AVAILABLE DATA -
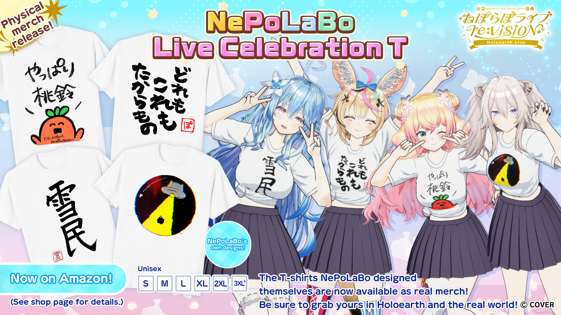 The Live Celebration T-shirts, designed by NePoLaBo in Holoearth, are now available on Amazon!
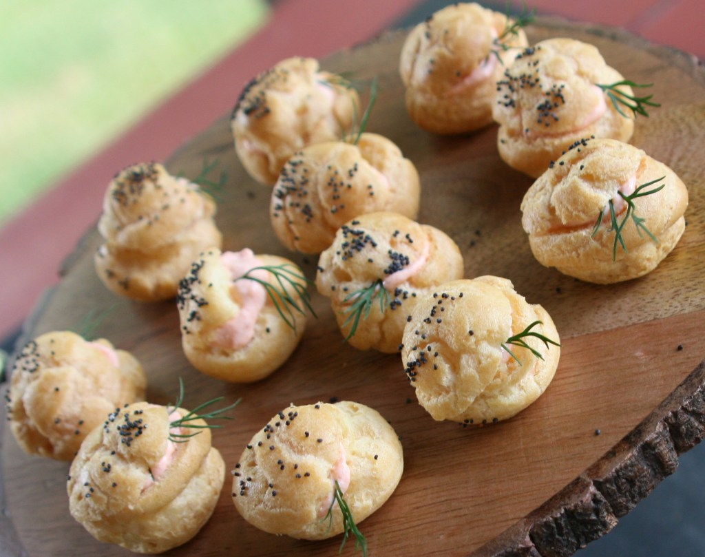 The smoked salmon puffs came from a recipe on FoodAndWine.com. It’s a simple choux pastry recipe with a salmon cream cheese filling, but it makes way more than 12 puffs, so I may cut the recipe in half for you, my blog readers. Still, it was tasty, and the fresh dill made a refreshing addition to the flavor profile. In fact, my daughter requested that I add more dill next time!
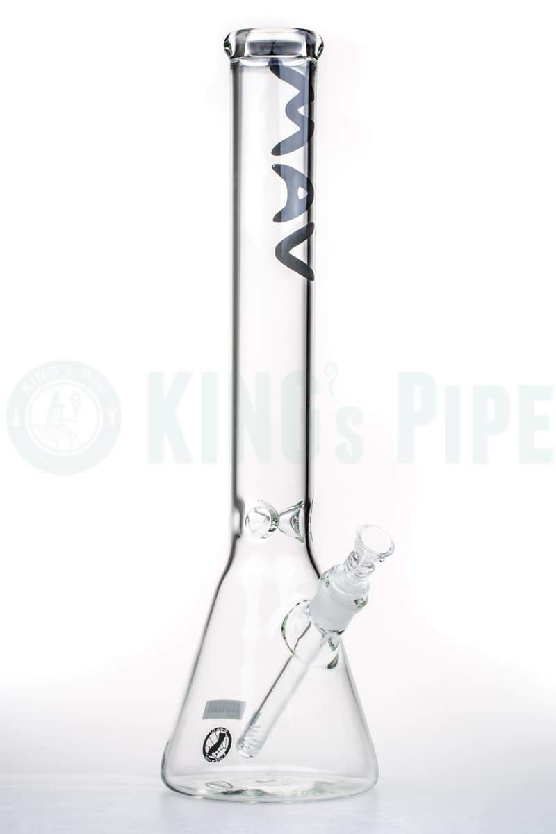 The Maverick Glass 18" Glass Beaker Water Pipe is a beefed up version of the usual beaker shaped, scientific glass beaker bongs, but boy is it fun to use! Donning an ice pinch in the neck, an 18mm Female joint and 14mm / 18mm diffused downstem & 14mm Male glass bowl, connecting to a big, beautiful, 5mm thick, Borosilicate glass body that was handcrafted right here in sunny Los Angeles. Ensuring your American glass water pipe won't shatter when exposed to extended periods of heat and will last you years of smoking pleasure. Looking for something a bit more discreet? KING's Pipe Online Smoke Shop carries a variety of tobacco glass beaker bongs to choose from, for some great sale prices too!

TRY IT - The expected output is the exact run of lines from the one containing "The smoked salmon" through the final line of the data above, both ends included, with no pictures.

SOLUTION FOR THIS PROBLEM -
 The smoked salmon puffs came from a recipe on FoodAndWine.com. It’s a simple choux pastry recipe with a salmon cream cheese filling, but it makes way more than 12 puffs, so I may cut the recipe in half for you, my blog readers. Still, it was tasty, and the fresh dill made a refreshing addition to the flavor profile. In fact, my daughter requested that I add more dill next time!
 The Maverick Glass 18" Glass Beaker Water Pipe is a beefed up version of the usual beaker shaped, scientific glass beaker bongs, but boy is it fun to use! Donning an ice pinch in the neck, an 18mm Female joint and 14mm / 18mm diffused downstem & 14mm Male glass bowl, connecting to a big, beautiful, 5mm thick, Borosilicate glass body that was handcrafted right here in sunny Los Angeles. Ensuring your American glass water pipe won't shatter when exposed to extended periods of heat and will last you years of smoking pleasure. Looking for something a bit more discreet? KING's Pipe Online Smoke Shop carries a variety of tobacco glass beaker bongs to choose from, for some great sale prices too!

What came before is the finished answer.